Di kawasan Taman Nasional Gunung Halimun Salak (TNGHS) di Bogor, contohnya. Wisatawan diminta membayar tiket masuk Rp 40.000 per orang. Harga ini meningkat 150 persen dari sebelumnya Rp 10 ribu saja. Harganya juga termasuk semacam Tarif untuk kendaraan: Rp5.000, Roda empat: Rp10.000, Kuda: Mulai Rp1.500, Sepeda: Mulai Rp2.000, Roda enam atau lebih: Mulai Rp50.000. Jika disinilah fasilitas yang ditawarkan seperti jalan yang rusak parah, kenaikan harga ini memang tidak masuk akal. Tapi apakah biaya itu sudah final? Anda salah besar.
HTM itu hanya untuk masuk ke dalam kawasan pegunungan. Untuk memasuki area air terjun di kawasan tersebut, para wisatawan harus membayar lagi sebagai "tiket masuk" sekitar Rp 10 ribu hingga Rp 20 ribu. Itu belum termasuk "biaya parkir" sekitar Rp 5.000 hingga Rp 10 ribu.
Dengan segala fakta ini, tidak mengherankan jika banyak masyarakat Indonesia, terutama mereka dari lapisan menengah ke atas, memilih untuk berlibur ke luar negeri daripada menjelajahi tempat-tempat wisata di Indonesia. Survei Badan Pusat Statistik (BPS) mencatat 8,1 juta orang Indonesia suka berlibur ke luar negeri.
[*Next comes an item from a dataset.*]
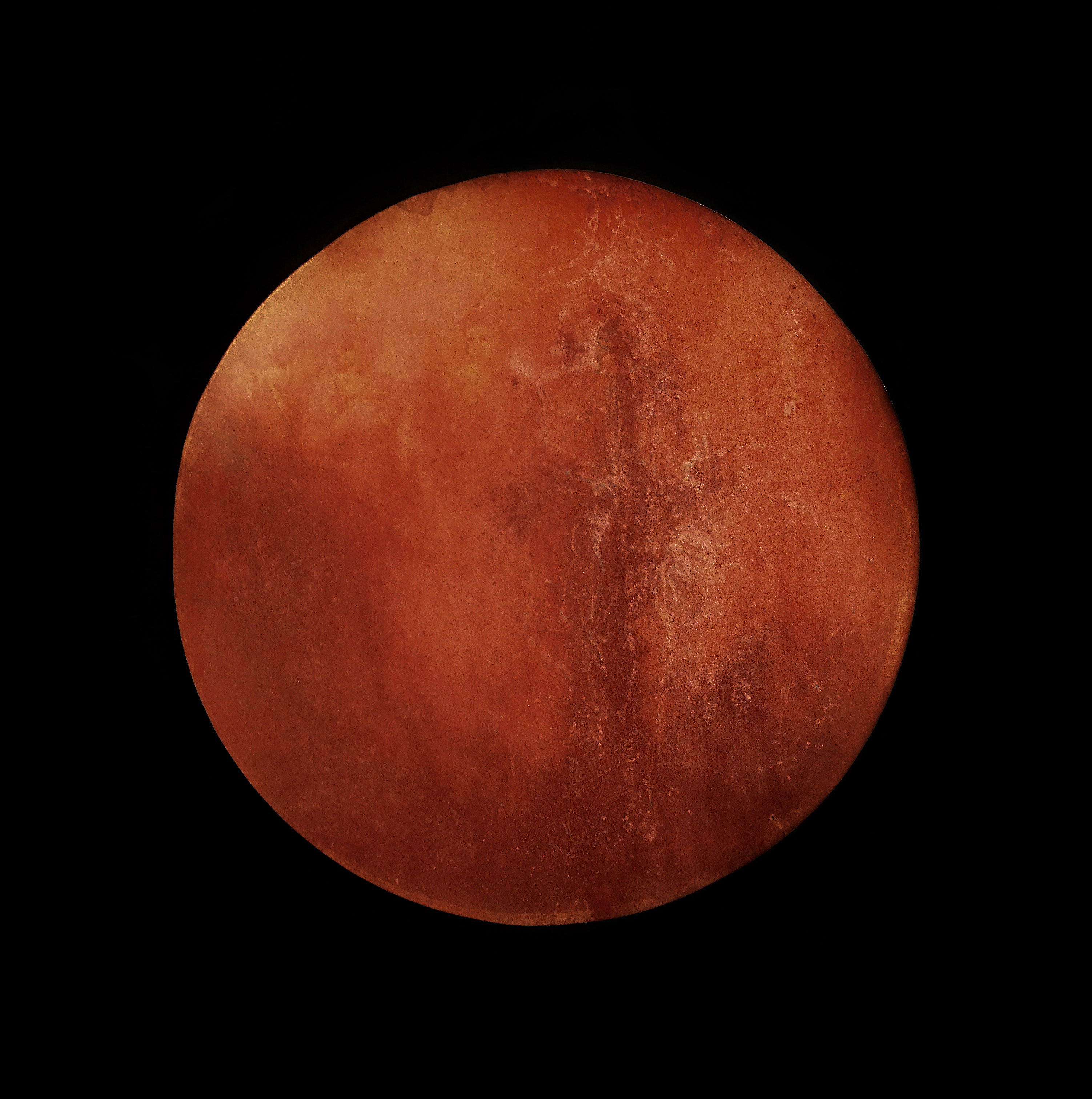 THE RED PLANET, 2019 | Iron oxide, chalk & pastel on found stipple engraving | 285 mm diameter shadow float mounted on black board 470 x 470 mm

Kumpulan data perjalanan wisatawan selama Januari - November 2024 mencapai 8.132.740 perjalanan atau meningkat 18,92 persen dibandingkan tahun sebelumnya. Badan Pusat Statistik mencatat bahwa perjalanan wisatawan nasional (wiswas) pada bulan November 2024 mencapai 749.826 perjalanan, meningkat 2,57 persen dibandingkan bulan sebelumnya, serta meningkat 13,74 persen dibandingkan tahun sebelumnya.
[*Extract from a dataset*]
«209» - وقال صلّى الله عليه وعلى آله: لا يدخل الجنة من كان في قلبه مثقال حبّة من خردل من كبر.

Data di atas sejalan dengan kenyataan bahwa tiket pesawat ke negara tetangga seperti Singapura, Malaysia, atau Thailand, lebih murah daripada tiket pesawat ke berbagai belahan Indonesia yang dianugerahi keindahan alam seperti Raja Ampat. Setidaknya di luar negeri mereka tidak akan bertemu dengan petugas parkir liar, Pak Ogah, atau pungli yang membuat_effects menjerit.
Anda telah membaca artikel dengan judul Uang Saya Terkuras untuk Juru Parkir Liar dan Pungli Pak Ogah Saat Liburan. Semoga bermanfaat dan terima kasih sudah berkunjung di website Kaweden MYID.